[DATA SUPPLIED — start]
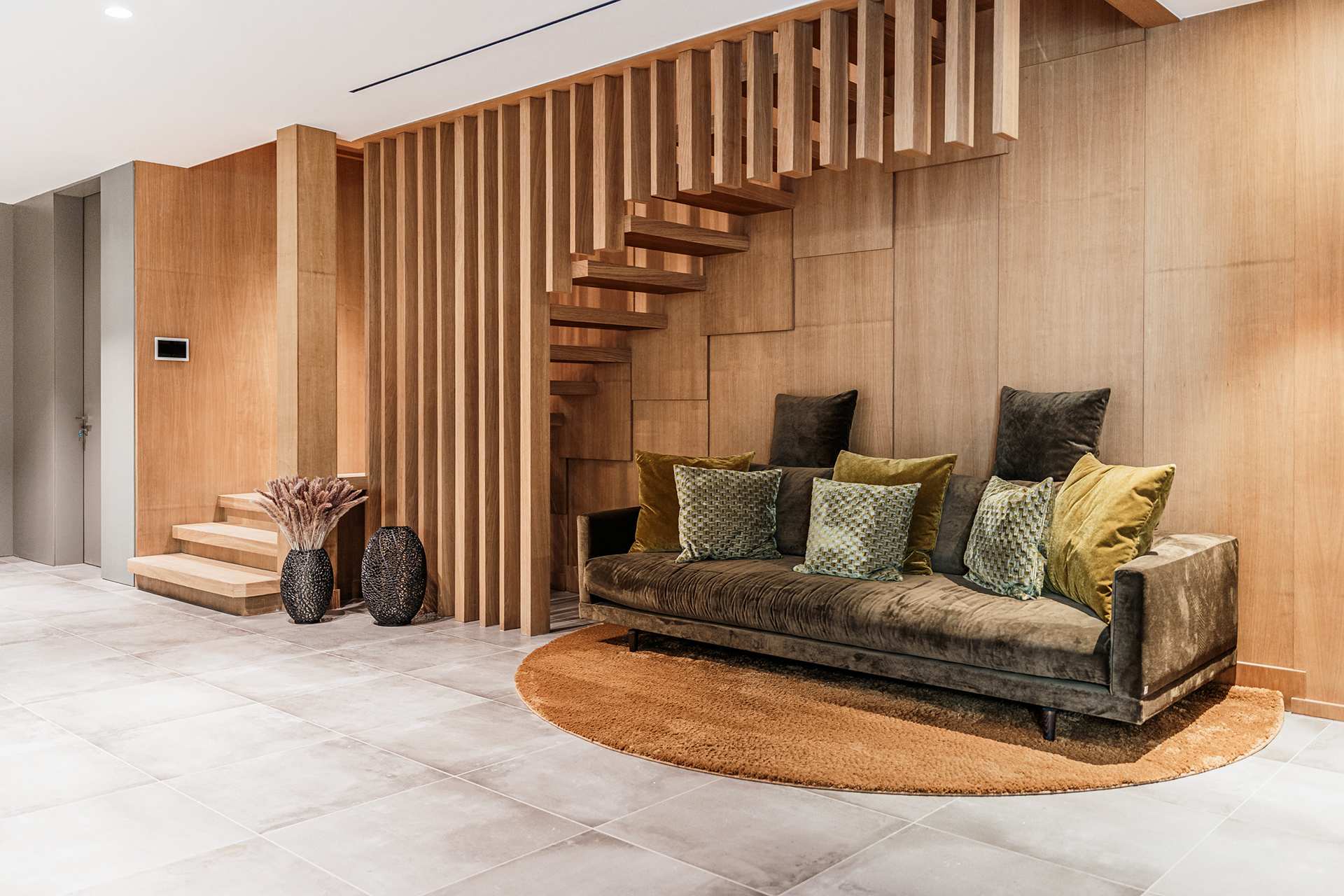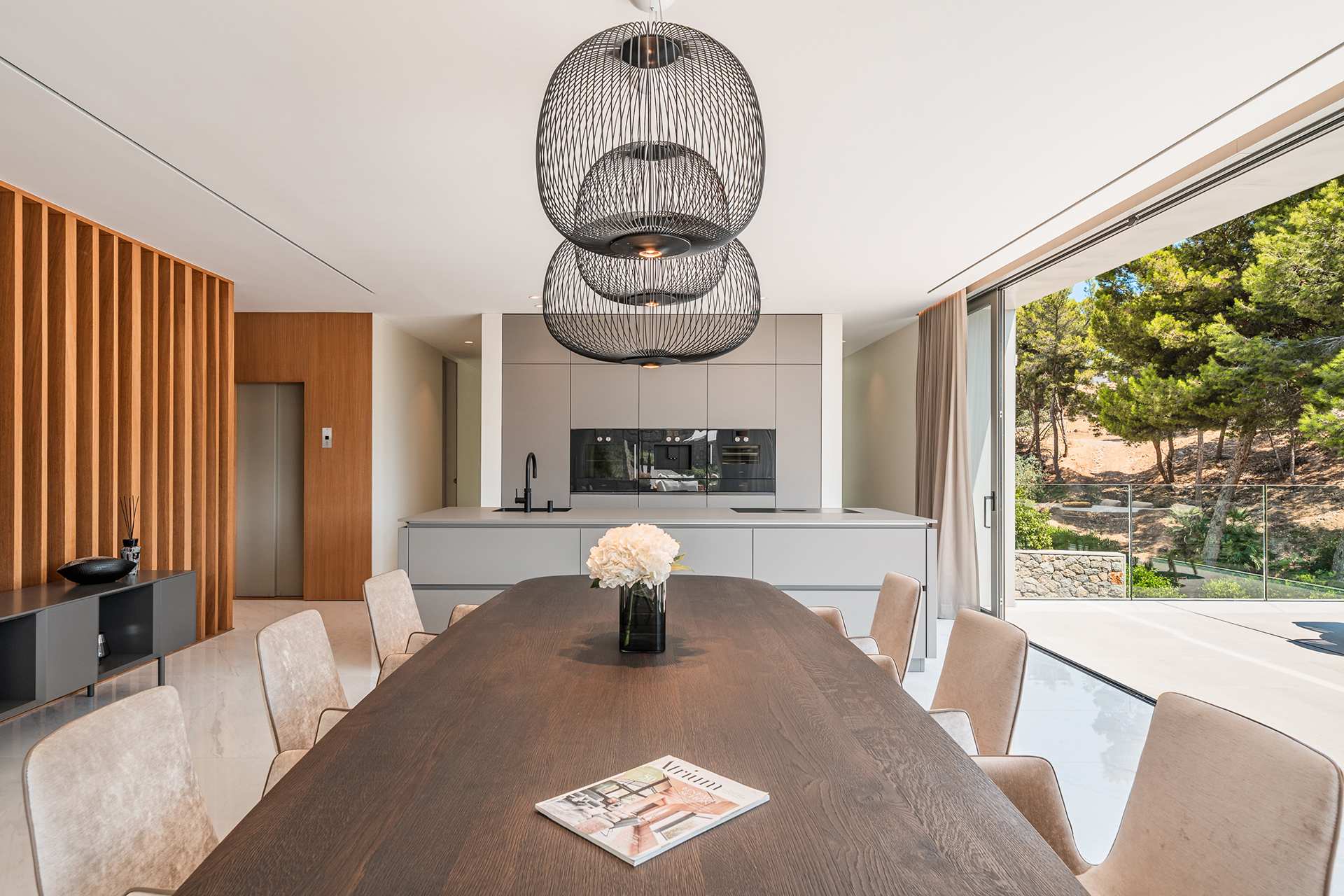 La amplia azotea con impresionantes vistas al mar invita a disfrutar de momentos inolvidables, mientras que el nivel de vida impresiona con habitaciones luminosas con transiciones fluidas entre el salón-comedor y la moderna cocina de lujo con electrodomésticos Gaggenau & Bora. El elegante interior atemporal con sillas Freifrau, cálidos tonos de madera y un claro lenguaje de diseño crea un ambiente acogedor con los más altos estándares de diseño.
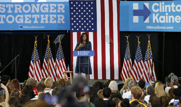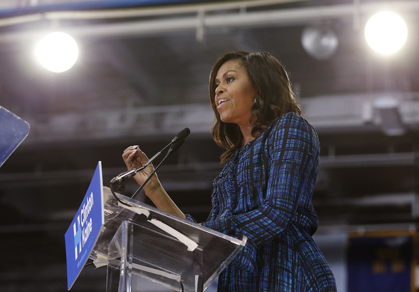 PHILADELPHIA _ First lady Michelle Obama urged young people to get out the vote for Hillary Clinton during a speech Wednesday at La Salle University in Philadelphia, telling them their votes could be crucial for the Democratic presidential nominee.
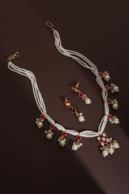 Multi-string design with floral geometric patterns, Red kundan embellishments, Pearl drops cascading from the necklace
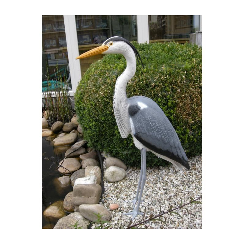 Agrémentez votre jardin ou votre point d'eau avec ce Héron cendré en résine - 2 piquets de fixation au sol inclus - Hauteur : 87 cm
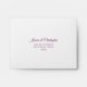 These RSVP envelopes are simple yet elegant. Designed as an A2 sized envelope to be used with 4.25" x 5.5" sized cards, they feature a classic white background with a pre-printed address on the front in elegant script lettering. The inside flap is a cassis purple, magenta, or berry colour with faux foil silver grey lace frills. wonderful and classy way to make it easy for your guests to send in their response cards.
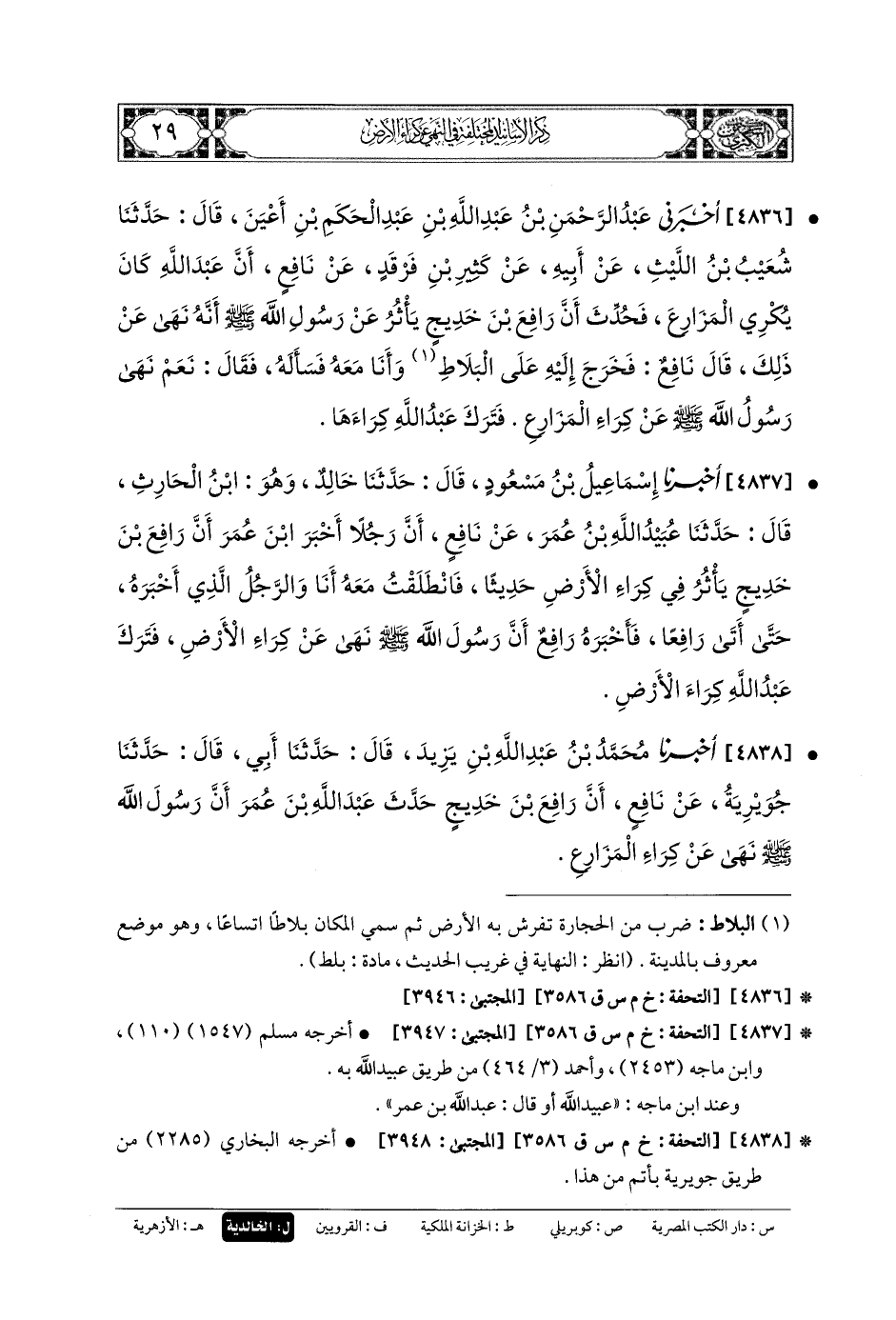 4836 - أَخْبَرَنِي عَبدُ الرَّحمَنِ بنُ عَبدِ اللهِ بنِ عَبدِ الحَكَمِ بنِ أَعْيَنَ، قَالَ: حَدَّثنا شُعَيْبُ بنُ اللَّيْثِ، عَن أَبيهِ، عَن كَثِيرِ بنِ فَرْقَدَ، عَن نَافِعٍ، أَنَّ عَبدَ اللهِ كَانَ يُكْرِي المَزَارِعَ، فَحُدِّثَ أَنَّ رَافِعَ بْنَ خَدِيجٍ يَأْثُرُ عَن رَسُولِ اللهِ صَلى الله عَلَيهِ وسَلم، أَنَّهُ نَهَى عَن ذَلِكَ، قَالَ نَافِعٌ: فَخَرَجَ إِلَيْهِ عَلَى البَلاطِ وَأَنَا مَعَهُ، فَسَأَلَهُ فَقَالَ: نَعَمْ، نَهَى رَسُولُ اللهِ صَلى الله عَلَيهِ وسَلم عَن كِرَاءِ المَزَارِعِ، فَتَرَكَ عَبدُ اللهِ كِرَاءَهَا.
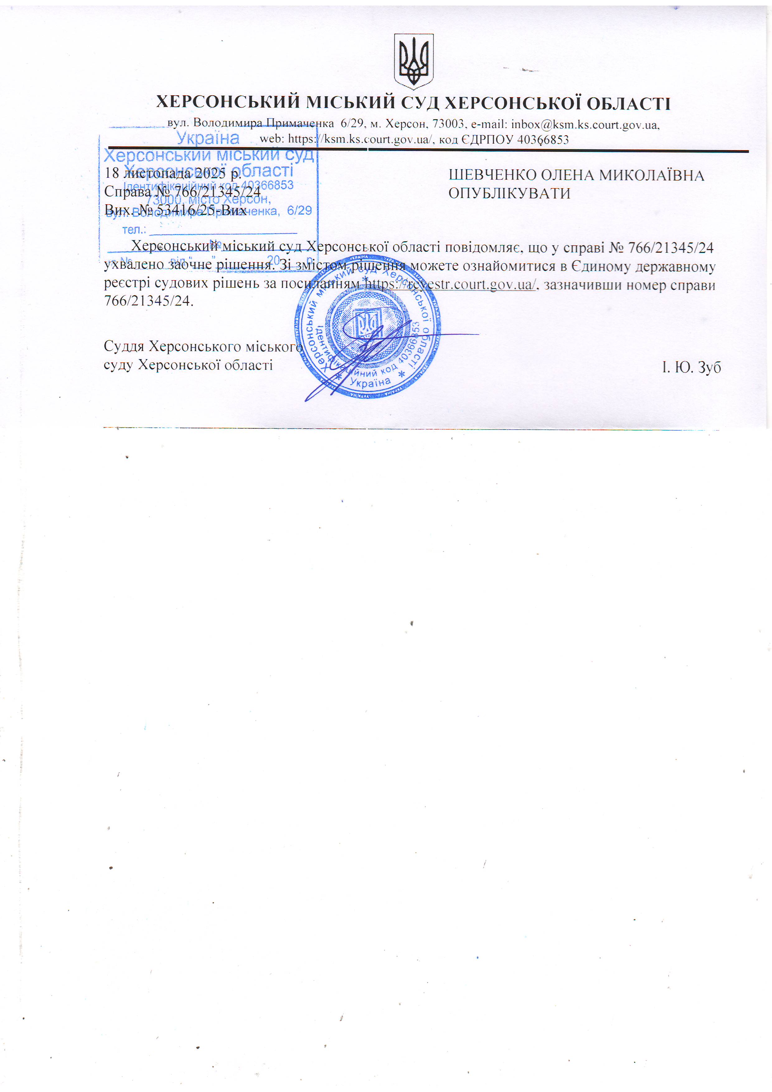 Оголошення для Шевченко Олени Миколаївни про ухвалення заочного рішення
[DATA SUPPLIED — finish]
Retype every entry exactly as written, but omit the pictures.

 La amplia azotea con impresionantes vistas al mar invita a disfrutar de momentos inolvidables, mientras que el nivel de vida impresiona con habitaciones luminosas con transiciones fluidas entre el salón-comedor y la moderna cocina de lujo con electrodomésticos Gaggenau & Bora. El elegante interior atemporal con sillas Freifrau, cálidos tonos de madera y un claro lenguaje de diseño crea un ambiente acogedor con los más altos estándares de diseño.
 PHILADELPHIA _ First lady Michelle Obama urged young people to get out the vote for Hillary Clinton during a speech Wednesday at La Salle University in Philadelphia, telling them their votes could be crucial for the Democratic presidential nominee.
 Multi-string design with floral geometric patterns, Red kundan embellishments, Pearl drops cascading from the necklace
 Agrémentez votre jardin ou votre point d'eau avec ce Héron cendré en résine - 2 piquets de fixation au sol inclus - Hauteur : 87 cm
 These RSVP envelopes are simple yet elegant. Designed as an A2 sized envelope to be used with 4.25" x 5.5" sized cards, they feature a classic white background with a pre-printed address on the front in elegant script lettering. The inside flap is a cassis purple, magenta, or berry colour with faux foil silver grey lace frills. wonderful and classy way to make it easy for your guests to send in their response cards.
 4836 - أَخْبَرَنِي عَبدُ الرَّحمَنِ بنُ عَبدِ اللهِ بنِ عَبدِ الحَكَمِ بنِ أَعْيَنَ، قَالَ: حَدَّثنا شُعَيْبُ بنُ اللَّيْثِ، عَن أَبيهِ، عَن كَثِيرِ بنِ فَرْقَدَ، عَن نَافِعٍ، أَنَّ عَبدَ اللهِ كَانَ يُكْرِي المَزَارِعَ، فَحُدِّثَ أَنَّ رَافِعَ بْنَ خَدِيجٍ يَأْثُرُ عَن رَسُولِ اللهِ صَلى الله عَلَيهِ وسَلم، أَنَّهُ نَهَى عَن ذَلِكَ، قَالَ نَافِعٌ: فَخَرَجَ إِلَيْهِ عَلَى البَلاطِ وَأَنَا مَعَهُ، فَسَأَلَهُ فَقَالَ: نَعَمْ، نَهَى رَسُولُ اللهِ صَلى الله عَلَيهِ وسَلم عَن كِرَاءِ المَزَارِعِ، فَتَرَكَ عَبدُ اللهِ كِرَاءَهَا.
 Оголошення для Шевченко Олени Миколаївни про ухвалення заочного рішення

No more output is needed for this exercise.